Just 7.88 per cent of Australia’s population have been fully vaccinated and only 25.48 per cent have had even one dose.

But New South Wales’s health department subsequently said the distribution of the vaccines at St Joseph’s College, a Sydney Catholic school famed for educating Australian rugby internationals, was an error and that only Aboriginal pupils – who make up 4 per cent of the school population and are deemed a higher risk for Covid – were supposed to get the doses.

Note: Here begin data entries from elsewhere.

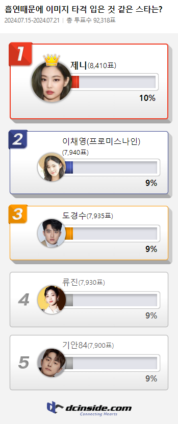 커뮤니티 포털사이트 디시인사이드(대표 김유식)가 `흡연때문에 이미지 타격 입은 것 같은 스타는?`으로 투표를 한 결과 제니가 1위에 올랐다. 이 투표는 지난 15일부터 21일까지 총 7일간 진행했다.
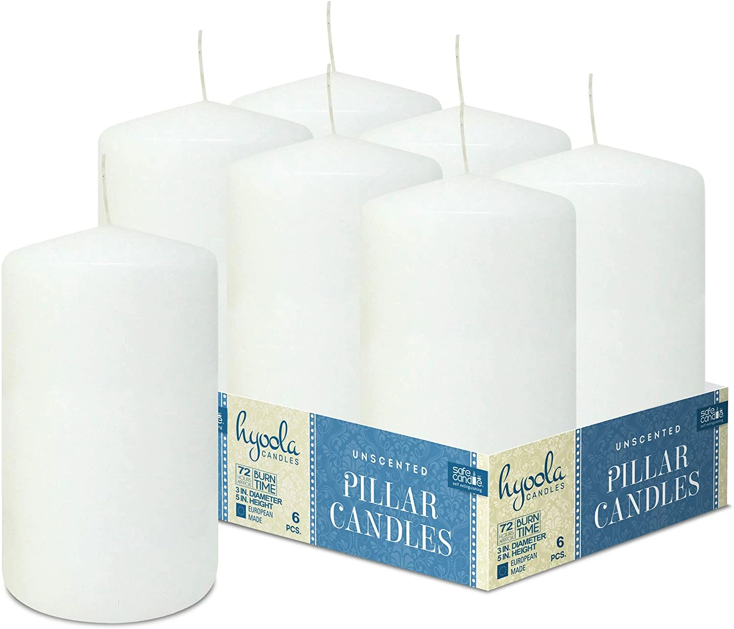 - SIZE: 3.1 inch diameter x 5 inch height (80mm x 127mm). PACK: 6-pack. COLOR: Stark white. BURN TIME: 72-hour burn time. FITS: Standard pillar candle holders. WICK: Smokeless, 100% cotton lead-free wicks.
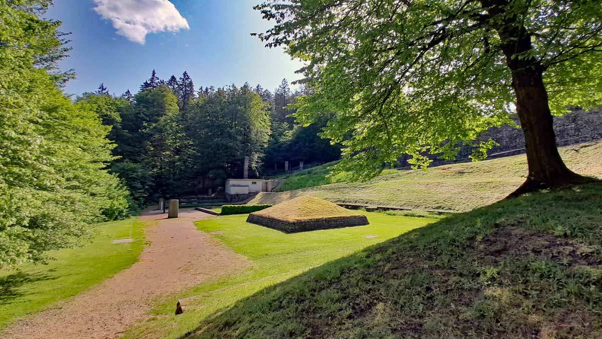 Er bringt uns zurück zur Gaisweiher Straße. Wir biegen nach rechts ab, und gehen weiter geradeaus über die Birkenstraße Richtung Parkplatz zurück. Vor dem Parkplatz biegen wir (der Birkenstraße folgend) nach rechts ab und kommen direkt zum Eingang der KZ-Gedenkstätte Flossenbürg. Diese kann kostenlos besucht werden und hat täglich geöffnet. Auf dem Rückweg müssen wir uns vor dem Eingang leicht rechts halten und dann nach links auf den Parkplatz abbiegen.
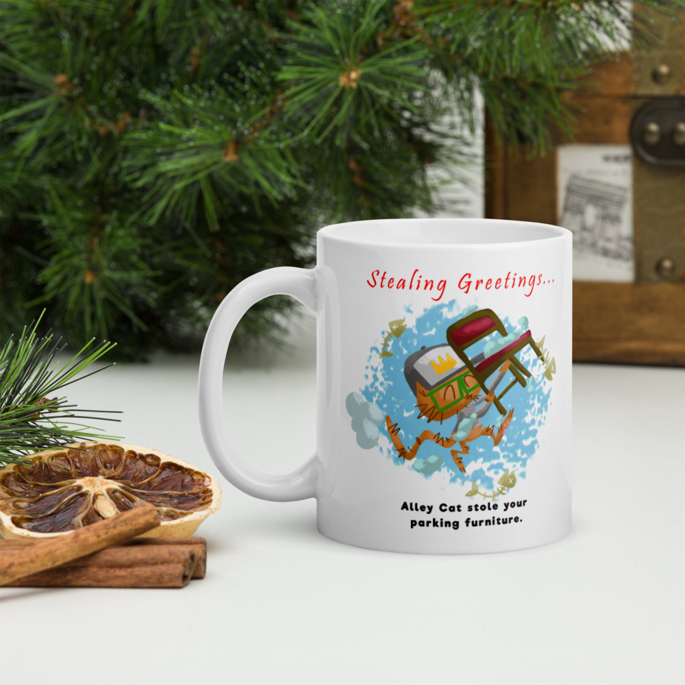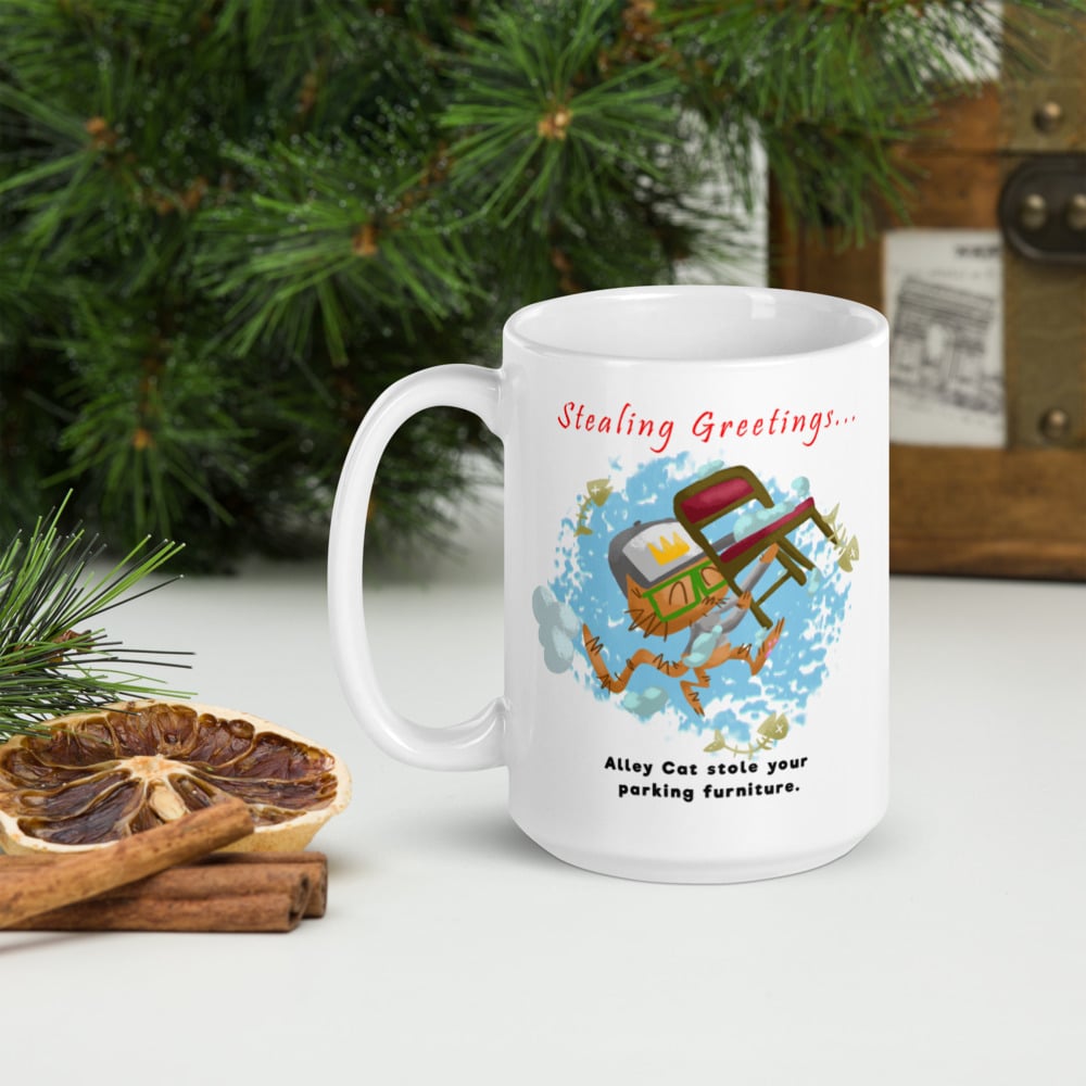 Are you in a city that requires parking space and use furniture? AlleyCat happy to take your parking spot chair in MUG form with this silly STEALING GREETING MUG!
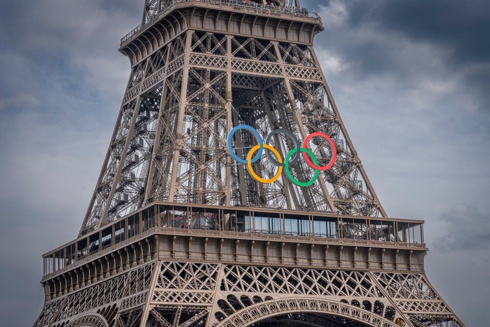 Az Eiffel-torony az olimpiai logóval (illusztráció)
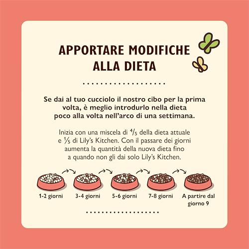 Crocchette Lily’s Kitchen Puppy con Pollo, Salmone e Piselli: alimentazione naturale senza cereali per cuccioli, con proteine di alta qualità, condroprotettori per le ossa, omega 3 e omega 6 per pelle e pelo, più verdure e frutta per un apporto completo di nutrienti.
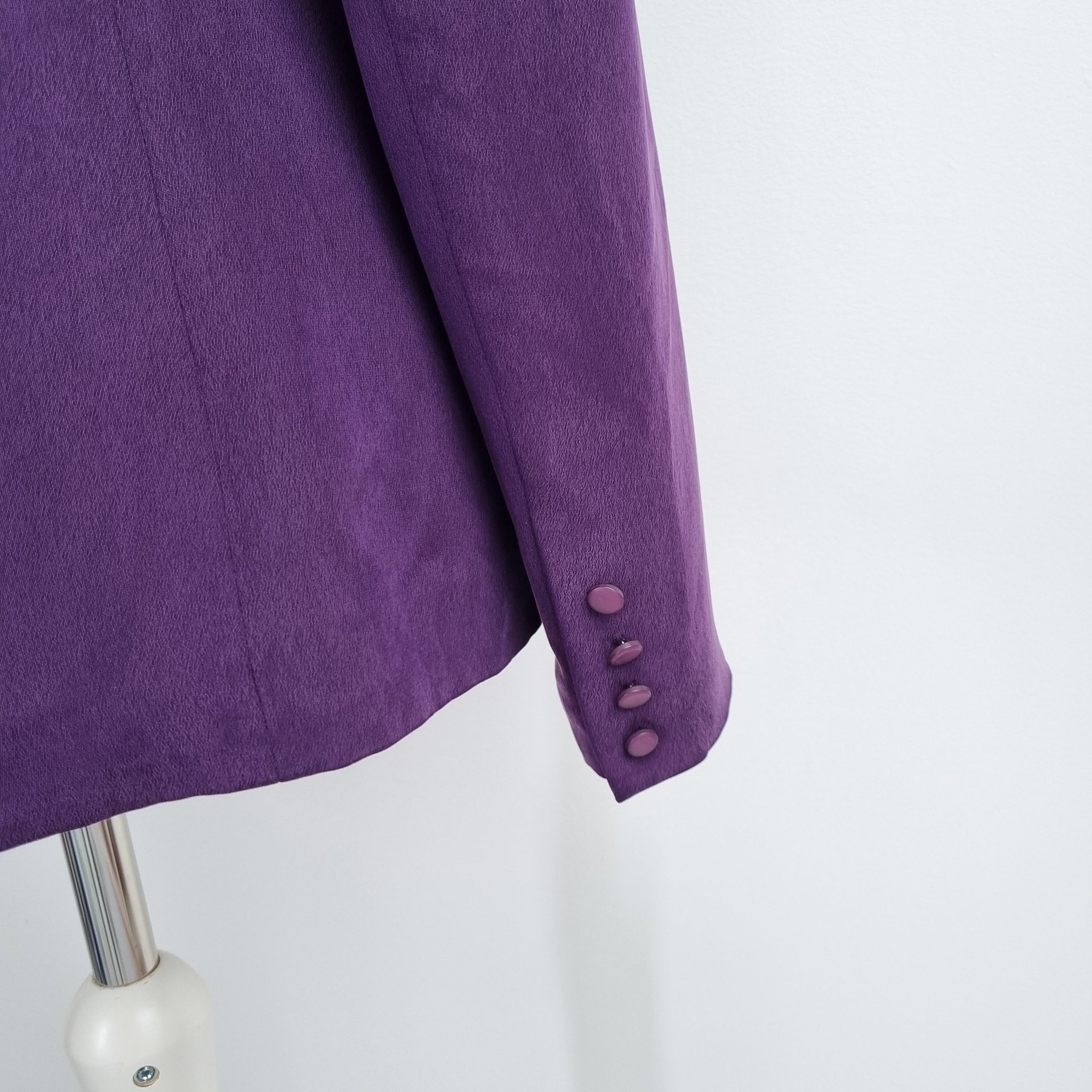 August Silk Blazer - Purple - 100% Silk - Lined - Open (please note that the blazer has a buttonhole on each side but no button).
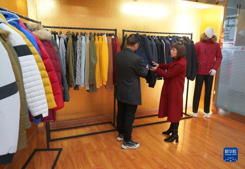 2月21日,在安康市白河县城关镇向荣社区一家服装社区工厂内,一名工厂负责人向客户介绍产品。
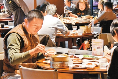 顧客在全聚德烤鴨北京和平門總店品嘗掛爐烤鴨。
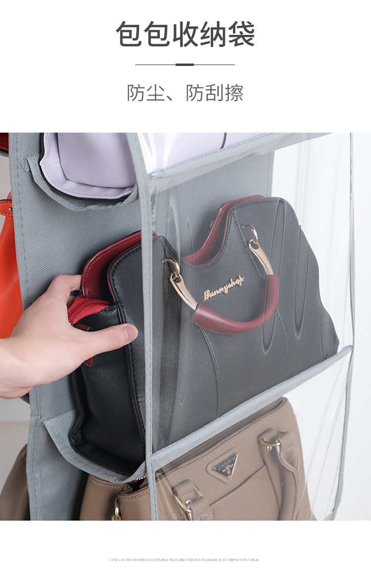 防尘透明网兜包包收纳挂袋门后置物袋双面多层壁挂式皮包收纳神器
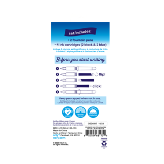 * Fountain Pen Set * Includes 2 pens and 4 cartridges; 2 black and 2 blue * Keep pen capped when not in use * Refillable cartridges click into place * Suitable for age 12 and up.
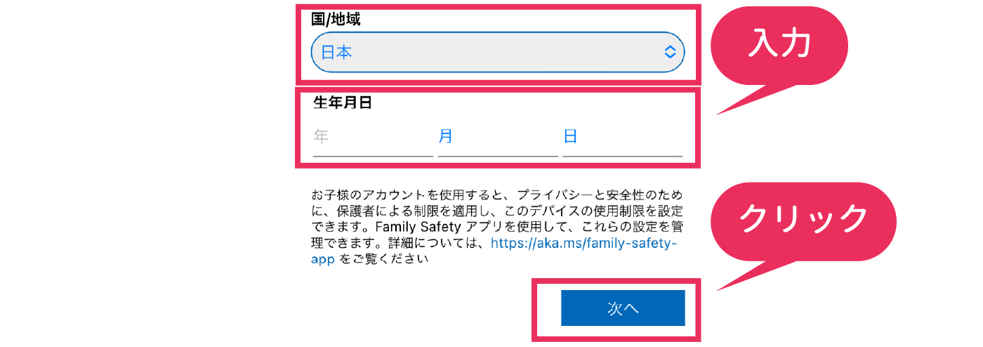 国/地域と生年月日を入力し、「次へ」をクリックします。
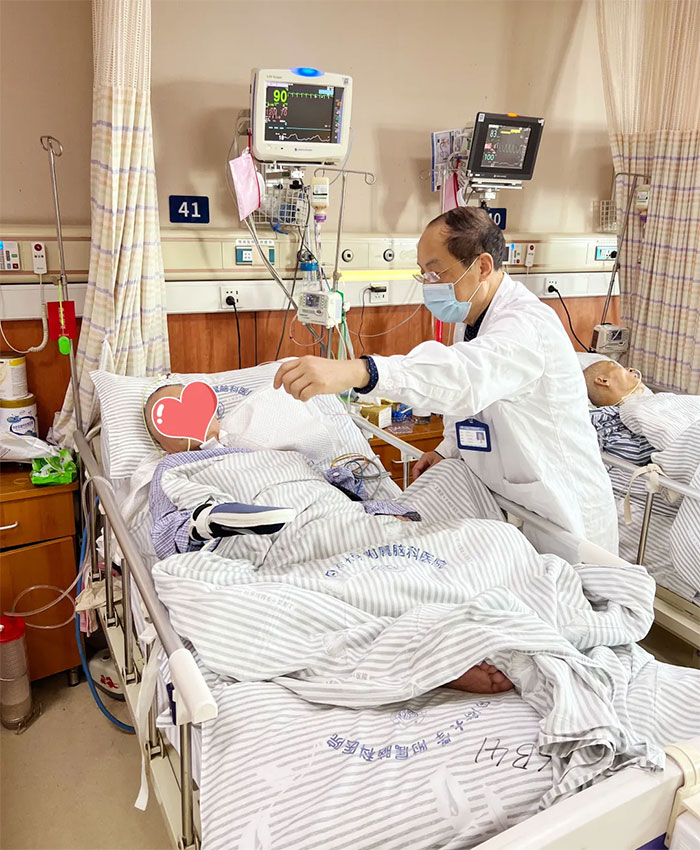神经外科6B病区,春节期间收治重症患者5人,其中一位脑干出血患者转神经外科重症监护病房。科室潘仁龙主任每天坚持查房,并密切关注脑干出血患者,改进治疗方案,使该患者病情逐步稳定。
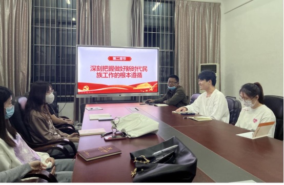 为了深入学习以习近平同志为核心的党中央立足新时代的历史方位统筹谋划和推进民族工作,科学回答了新时代民族工作举什么旗、走什么路等重大问题。2022年4月11日晚,郭锦辉副书记围绕“抓住铸牢中华民族共同体意识这条主线”给学生党员上了一堂生动的党课。
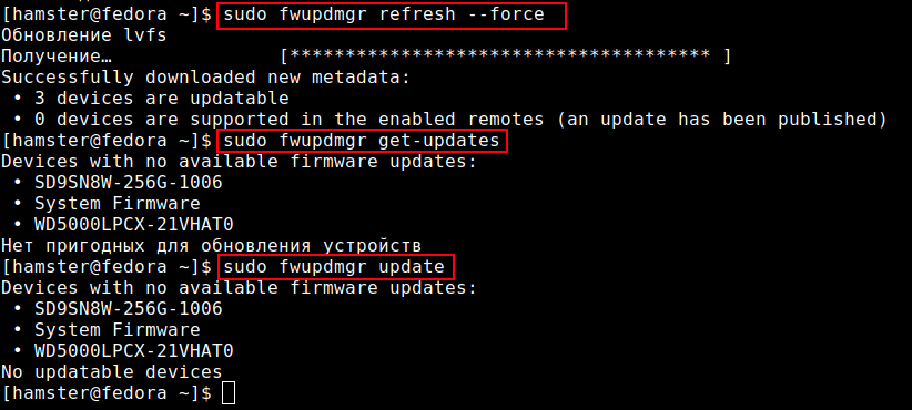 Если производитель вашего оборудования поддерживает специальный пакет встроенного программного обеспечения для Fedora KDE Plasma, вы можете быстро проверить его и получить эти обновления, выполнив следующую последовательность команд. Однако это может быть не всегда доступно, но попробовать стоит.
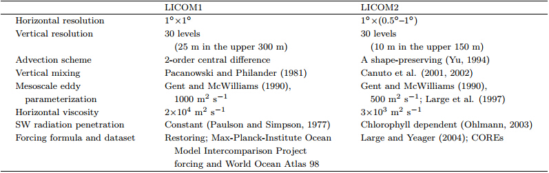 In the past several years,we aimed at reducingthe uncertainties of the upper layer temperature inLICOM1,because it is crucial not only for the surfaceheat fluxes determining the long-term behavior of thewhole climate model,but also for simulating air-seainteraction associated with climate variability on seasonalto interannual timescales. Various key physicalprocesses in LICOM1 have been improved,includingthe vertical turbulent mixing scheme,the solar radiationpenetration scheme(Lin et al., 2007),the advectionscheme(Xiao and Yu, 2006), and the upperlayer taping scheme in the mesoscale eddy parameterization.Besides,the meridional resolution between10°S and 10°N(Liu et al., 2004a) and the vertical resolutionin the upper 150 m(Wu et al., 2005)are alsoincreased to better resolve the equatorial wave-guide and the tropical thermocline,respectively. The detailof those improvements is shown in Appendix A.
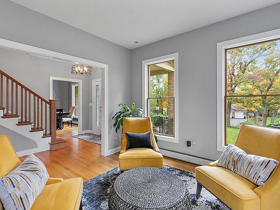 Nestled in the Indian Hills neighborhood. Spectacular home sits on a park-like 2/3-acre piece of paradise! Professionally landscaped with heated driveway leads you to the front porch, enter to a brightly lit foyer. Newly finished hardwood floors throughout first floor with living room, large family room with expansive windows and double-sided fireplace, recently added three season room for extensive outdoor living. The thoughtfully updated kitchen (2020) boasts bright white shaker cabinets and on trend quartz counter tops. Separate dining room and half bath. On the second floor you will find four bedrooms including a master suite plus bonus room. The recently refinished basement offers a large movie area, a bar for entertaining, workout room, full bathroom, and additional bedroom. Nothing to do with a new roof, new gutters, permanent "smart" holiday lights, two new AC units and AC space packs (2022), new hot water tank (2022). New garage doors (2022), garage floor epoxy (2020). Close to downtown shopping, restaurants, and Metra D47 and D155 Prairie Ridge High School.
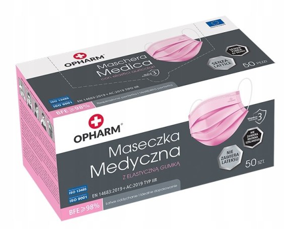 Maseczki chirurgiczne Opharm różowe typ IIR 50 szt.

The error was emblematic of how Australia's vaccine rollout has been going. New South Wales health minister Brad Hazzard angered many when he answered "So what?" and "Move on" when questioned about the controversy.

Cause of delays

Australia's overreliance on the AstraZeneca vaccine and the ever-shifting age groups for which it is deemed suitable is thought to be the main cause of vaccination delays. Expectations had been raised last September when prime minister Scott Morrison said: "The federal government is providing hope through a sovereign vaccine plan which will keep Australia right up the front" of the international queue for vaccination doses.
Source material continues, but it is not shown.